Professor Venetis, fertility specialist and Director of Clinical Research at IVFAustralia, part of Virtus Health, is presenting at the 2021 Scientific Congress of the American Society for Reproductive Medicine (ASRM), the second largest scientific society globally in reproductive medicine.

At this virtual event, Professor Venetis summarises over a decade worth of research on how to optimize reproductive outcomes with fresh and frozen embryo transfers. He addresses the latest evidence on the role of progesterone to guide fresh or frozen embryo transfers, aiming to help an interprofessional audience including GPs and researchers, to better understand how to improve the outcomes of their patients.

Professor Venetis discusses artificial endometrium preparation: how to prepare the lining in a frozen-embryo transfer cycle and how to interpret the values of progesterone to achieve the best obstetric outcome and optimise the IVF cycle.

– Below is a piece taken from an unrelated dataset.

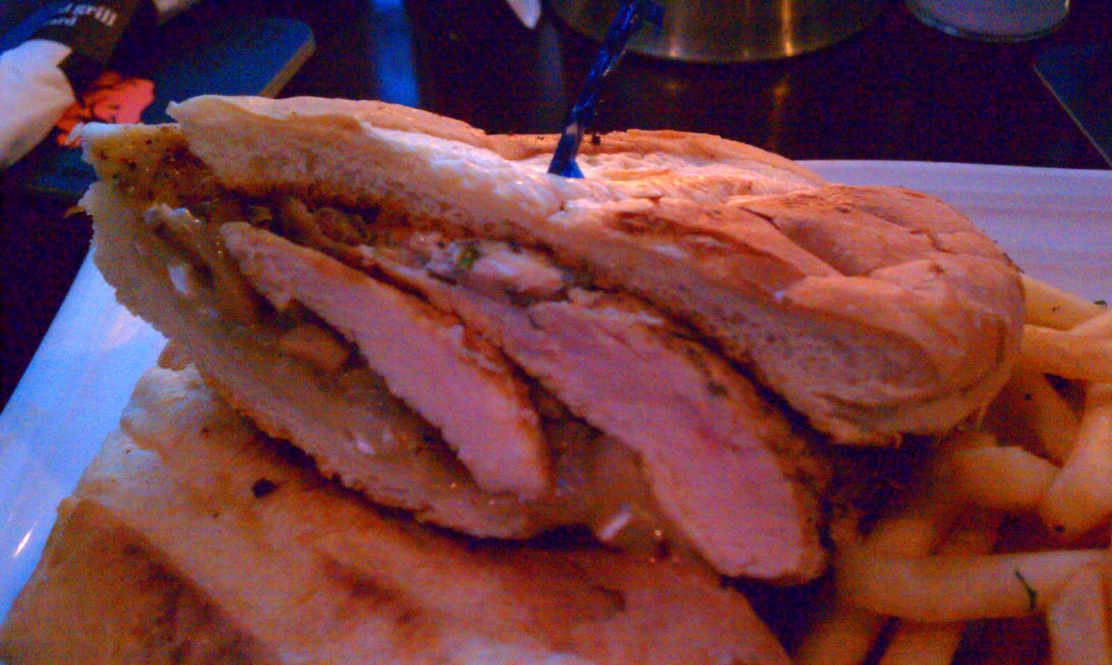 I finally decided on the Pressed Sandwich: a grilled chicken sandwich, with Brie cheese, caramelized onions, and sauteed mushrooms all stuffed into a french roll.

“There is new evidence identifying the importance of the protocol used to prepare the endometrium for the obstetric outcomes of the pregnancy. Particularly as research shows women having had an artificial preparation of their lining, have significantly higher chances of hypertension during pregnancy,” said Professor Venetis.

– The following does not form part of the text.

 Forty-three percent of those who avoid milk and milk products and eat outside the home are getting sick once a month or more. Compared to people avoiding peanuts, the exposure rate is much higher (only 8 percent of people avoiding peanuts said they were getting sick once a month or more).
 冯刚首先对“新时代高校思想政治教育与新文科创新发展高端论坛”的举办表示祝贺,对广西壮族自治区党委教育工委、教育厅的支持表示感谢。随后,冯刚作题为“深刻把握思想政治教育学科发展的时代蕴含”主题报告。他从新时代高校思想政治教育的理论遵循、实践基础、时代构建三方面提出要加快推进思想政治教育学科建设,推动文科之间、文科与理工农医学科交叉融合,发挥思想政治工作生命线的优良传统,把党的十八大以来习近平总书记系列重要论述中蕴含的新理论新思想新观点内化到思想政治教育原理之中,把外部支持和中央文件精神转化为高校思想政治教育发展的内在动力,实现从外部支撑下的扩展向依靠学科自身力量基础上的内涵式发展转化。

“Compelling evidence supports the use of progesterone as a biomarker of endometrial receptivity and this change has been implemented in most clinics world-wide. This, in turn, has led to an increase of the pregnancy rates per embryo transfer and has reduced the number of small for gestational age babies.

“Good maternity care is a multidisciplined approach and includes GPs overseeing the care for pregnant individuals after ART. GPs know the importance of identifying high risk pregnancies and are aware that an artificial preparation of the lining carries extra risks of gestational hypertension and pre-eclampsia. Increased monitoring or interventions can apply for high-risk pregnancies to reduce the risk to the pregnant woman and their baby,” said Professor Venetis.

The two pre-recorded lectures, part of a postgraduate course, will be available for ASRM members to watch on-demand from 21 October to 31 December 2021.

Professor Venetis said continuous new developments in the optimisation and personalisation of fresh and frozen embryo transfers are helping fertility patients have babies in the safest and most efficient way.